As an adult, living with the implications of childhood trauma can make you feel like you are alone in your pain. It can be difficult to imagine that anyone can understand what you have been through or what you are going through now. While everyone’s experiences are unique to them, you are not alone in experiencing developmental trauma. Unfortunately, as the Substance Abuse and Mental Health Services Administration (SAMHSA) notes, one in seven children will experience abuse and or neglect in any given year. Moreover, despite two-thirds of children reporting at least one traumatic event by age sixteen, healing from developmental trauma is possible.

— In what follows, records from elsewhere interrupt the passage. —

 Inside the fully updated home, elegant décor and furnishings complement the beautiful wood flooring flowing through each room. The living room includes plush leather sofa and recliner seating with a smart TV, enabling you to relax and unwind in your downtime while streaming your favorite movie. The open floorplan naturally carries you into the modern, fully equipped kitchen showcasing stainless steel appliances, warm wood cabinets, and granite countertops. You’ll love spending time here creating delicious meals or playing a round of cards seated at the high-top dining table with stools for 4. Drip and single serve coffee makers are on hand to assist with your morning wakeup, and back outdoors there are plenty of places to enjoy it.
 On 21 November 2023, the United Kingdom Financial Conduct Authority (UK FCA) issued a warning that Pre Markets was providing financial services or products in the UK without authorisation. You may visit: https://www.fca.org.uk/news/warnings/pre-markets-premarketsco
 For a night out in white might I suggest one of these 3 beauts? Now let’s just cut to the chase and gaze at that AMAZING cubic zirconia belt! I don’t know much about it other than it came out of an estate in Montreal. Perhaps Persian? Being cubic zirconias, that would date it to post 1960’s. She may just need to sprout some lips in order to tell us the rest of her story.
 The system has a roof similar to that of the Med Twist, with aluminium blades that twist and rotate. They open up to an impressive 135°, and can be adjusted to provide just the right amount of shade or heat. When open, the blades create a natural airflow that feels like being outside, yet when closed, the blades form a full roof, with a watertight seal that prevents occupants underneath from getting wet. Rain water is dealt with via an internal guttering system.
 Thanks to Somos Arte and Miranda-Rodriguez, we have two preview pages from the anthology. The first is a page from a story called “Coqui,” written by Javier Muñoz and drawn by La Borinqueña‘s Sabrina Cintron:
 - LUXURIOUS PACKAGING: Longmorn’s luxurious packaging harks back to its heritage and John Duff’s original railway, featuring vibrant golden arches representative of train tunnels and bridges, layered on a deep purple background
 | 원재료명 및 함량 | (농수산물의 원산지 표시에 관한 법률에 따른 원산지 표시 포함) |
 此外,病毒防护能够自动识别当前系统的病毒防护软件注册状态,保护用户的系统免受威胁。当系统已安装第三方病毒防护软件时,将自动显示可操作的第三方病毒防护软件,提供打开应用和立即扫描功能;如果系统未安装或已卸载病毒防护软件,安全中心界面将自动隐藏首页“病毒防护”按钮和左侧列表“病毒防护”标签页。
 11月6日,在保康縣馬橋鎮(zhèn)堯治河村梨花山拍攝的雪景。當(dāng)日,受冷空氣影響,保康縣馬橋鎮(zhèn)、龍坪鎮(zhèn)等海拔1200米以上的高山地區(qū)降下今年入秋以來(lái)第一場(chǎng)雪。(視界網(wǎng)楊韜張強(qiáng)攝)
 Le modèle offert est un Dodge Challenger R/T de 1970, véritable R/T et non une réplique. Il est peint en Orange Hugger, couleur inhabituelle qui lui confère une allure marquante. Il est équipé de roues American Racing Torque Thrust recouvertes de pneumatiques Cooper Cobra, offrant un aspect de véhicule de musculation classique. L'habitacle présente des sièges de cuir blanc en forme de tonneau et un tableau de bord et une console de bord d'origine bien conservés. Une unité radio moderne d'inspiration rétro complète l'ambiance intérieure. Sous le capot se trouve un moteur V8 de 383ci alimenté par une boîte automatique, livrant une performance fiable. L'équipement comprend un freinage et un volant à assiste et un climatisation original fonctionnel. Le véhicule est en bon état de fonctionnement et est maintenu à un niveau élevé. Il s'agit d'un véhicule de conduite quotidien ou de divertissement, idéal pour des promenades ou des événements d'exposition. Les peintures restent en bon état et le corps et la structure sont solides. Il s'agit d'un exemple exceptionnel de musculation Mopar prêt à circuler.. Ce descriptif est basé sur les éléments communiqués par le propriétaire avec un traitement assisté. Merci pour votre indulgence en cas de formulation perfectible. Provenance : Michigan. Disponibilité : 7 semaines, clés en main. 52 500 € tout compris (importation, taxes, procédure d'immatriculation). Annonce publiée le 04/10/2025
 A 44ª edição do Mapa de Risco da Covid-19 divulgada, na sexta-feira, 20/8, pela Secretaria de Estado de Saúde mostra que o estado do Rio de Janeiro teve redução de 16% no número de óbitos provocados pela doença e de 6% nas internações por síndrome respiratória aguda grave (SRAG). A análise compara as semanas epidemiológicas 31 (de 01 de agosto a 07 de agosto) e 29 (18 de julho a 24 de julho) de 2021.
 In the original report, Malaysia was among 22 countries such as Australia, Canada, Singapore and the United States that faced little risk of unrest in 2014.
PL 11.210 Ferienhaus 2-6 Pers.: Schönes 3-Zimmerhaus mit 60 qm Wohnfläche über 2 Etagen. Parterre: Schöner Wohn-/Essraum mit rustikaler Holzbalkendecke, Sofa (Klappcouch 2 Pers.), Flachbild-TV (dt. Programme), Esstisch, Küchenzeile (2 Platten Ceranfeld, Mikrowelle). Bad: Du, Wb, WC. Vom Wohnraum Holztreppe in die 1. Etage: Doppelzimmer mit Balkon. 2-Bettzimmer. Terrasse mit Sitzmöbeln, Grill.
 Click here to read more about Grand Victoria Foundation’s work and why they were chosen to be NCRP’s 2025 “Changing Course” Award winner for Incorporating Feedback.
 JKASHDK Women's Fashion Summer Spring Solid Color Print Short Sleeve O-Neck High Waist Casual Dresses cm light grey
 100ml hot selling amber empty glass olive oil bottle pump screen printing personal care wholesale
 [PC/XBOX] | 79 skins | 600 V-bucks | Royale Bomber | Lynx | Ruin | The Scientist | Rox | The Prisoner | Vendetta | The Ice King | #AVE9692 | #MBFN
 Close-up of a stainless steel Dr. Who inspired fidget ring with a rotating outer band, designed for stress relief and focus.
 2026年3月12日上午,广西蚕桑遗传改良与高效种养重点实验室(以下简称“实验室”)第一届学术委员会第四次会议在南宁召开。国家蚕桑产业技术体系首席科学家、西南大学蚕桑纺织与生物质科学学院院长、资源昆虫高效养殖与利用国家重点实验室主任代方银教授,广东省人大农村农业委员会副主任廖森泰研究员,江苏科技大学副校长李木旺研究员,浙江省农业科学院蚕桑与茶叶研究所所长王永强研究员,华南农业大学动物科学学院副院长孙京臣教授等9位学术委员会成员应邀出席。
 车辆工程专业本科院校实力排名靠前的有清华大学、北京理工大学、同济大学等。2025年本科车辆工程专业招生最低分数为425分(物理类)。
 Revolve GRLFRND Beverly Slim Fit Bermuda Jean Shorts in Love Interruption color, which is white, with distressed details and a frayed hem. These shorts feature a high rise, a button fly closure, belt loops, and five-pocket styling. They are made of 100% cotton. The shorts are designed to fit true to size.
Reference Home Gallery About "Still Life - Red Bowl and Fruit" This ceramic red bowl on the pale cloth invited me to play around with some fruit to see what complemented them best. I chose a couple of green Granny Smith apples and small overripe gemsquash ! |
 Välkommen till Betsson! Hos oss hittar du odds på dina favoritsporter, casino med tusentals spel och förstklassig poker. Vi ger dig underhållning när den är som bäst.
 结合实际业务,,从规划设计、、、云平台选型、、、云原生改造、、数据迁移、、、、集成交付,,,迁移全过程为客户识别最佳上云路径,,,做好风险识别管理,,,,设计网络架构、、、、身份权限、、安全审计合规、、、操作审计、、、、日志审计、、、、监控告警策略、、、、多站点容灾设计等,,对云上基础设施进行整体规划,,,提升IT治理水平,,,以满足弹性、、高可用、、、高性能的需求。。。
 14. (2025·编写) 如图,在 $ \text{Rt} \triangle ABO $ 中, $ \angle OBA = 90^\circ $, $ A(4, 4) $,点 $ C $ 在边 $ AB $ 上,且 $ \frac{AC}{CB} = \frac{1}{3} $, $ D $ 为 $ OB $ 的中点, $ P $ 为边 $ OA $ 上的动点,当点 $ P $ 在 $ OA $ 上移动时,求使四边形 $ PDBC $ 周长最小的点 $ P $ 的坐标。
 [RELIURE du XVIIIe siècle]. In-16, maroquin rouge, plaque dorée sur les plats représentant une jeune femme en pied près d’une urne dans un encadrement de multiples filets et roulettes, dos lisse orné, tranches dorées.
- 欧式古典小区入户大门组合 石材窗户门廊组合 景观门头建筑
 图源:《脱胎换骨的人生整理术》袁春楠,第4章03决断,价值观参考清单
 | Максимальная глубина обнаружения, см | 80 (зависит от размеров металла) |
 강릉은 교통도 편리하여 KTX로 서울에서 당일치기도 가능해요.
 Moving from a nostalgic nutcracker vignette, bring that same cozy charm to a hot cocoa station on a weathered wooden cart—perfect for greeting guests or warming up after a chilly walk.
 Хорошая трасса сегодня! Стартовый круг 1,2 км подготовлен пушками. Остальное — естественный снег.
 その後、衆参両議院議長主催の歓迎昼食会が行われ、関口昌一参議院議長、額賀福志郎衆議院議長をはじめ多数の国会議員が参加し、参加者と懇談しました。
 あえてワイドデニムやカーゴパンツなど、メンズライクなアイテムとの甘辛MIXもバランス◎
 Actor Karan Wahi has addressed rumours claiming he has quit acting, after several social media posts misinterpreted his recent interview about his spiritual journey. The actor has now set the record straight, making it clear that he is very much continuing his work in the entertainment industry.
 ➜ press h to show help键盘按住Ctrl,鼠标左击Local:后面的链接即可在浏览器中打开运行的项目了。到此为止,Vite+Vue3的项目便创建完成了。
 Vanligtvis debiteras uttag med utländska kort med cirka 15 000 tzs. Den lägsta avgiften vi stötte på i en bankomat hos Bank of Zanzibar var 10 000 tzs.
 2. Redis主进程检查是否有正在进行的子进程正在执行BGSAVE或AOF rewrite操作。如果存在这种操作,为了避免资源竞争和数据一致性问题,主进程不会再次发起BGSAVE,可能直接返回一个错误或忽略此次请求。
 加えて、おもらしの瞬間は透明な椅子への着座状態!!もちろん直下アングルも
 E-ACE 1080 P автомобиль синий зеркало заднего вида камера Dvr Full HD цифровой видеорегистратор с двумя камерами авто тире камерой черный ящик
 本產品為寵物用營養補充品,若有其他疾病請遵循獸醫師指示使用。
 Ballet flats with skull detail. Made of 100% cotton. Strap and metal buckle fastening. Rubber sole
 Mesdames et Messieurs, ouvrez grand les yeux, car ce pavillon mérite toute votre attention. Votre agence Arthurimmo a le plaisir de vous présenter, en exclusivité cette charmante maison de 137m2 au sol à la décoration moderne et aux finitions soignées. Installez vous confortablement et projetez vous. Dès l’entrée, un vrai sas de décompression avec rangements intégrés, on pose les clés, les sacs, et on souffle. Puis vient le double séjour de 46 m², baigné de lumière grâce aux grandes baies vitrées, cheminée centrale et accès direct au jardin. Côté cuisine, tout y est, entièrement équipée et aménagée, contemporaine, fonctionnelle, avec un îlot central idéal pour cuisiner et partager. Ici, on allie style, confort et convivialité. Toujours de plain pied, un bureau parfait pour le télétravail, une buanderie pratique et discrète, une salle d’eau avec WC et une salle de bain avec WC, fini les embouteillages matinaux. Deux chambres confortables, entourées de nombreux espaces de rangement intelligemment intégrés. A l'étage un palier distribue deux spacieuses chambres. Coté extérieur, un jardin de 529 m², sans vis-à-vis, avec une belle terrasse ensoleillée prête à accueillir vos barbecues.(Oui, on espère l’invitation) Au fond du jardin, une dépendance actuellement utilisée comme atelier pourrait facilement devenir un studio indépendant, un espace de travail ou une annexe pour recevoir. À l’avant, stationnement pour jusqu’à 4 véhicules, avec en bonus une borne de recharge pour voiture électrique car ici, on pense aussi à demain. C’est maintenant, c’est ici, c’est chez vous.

At The Guest House, we know deep-seated trauma can be difficult to identify and understand. Thus, healing from developmental trauma, especially in adulthood, can be wrought with challenges. Trying to grasp trauma that happened in your early developmental years can feel daunting. When you are a child, you yearn to learn and understand the world you are in. Trauma disrupts that development and opens the door to unhealthy coping strategies.

No matter how much time has passed, if trauma is left unaddressed, it can lead to long-lasting harm. Developmental trauma can impede your ability to function in your daily life, strain relationships, and rob you of a fulfilling life. Further, it can be particularly upsetting and confusing when the people who caused your trauma deny that they did anything wrong during your childhood. However, with support, healing from developmental trauma is achievable for your long-term recovery.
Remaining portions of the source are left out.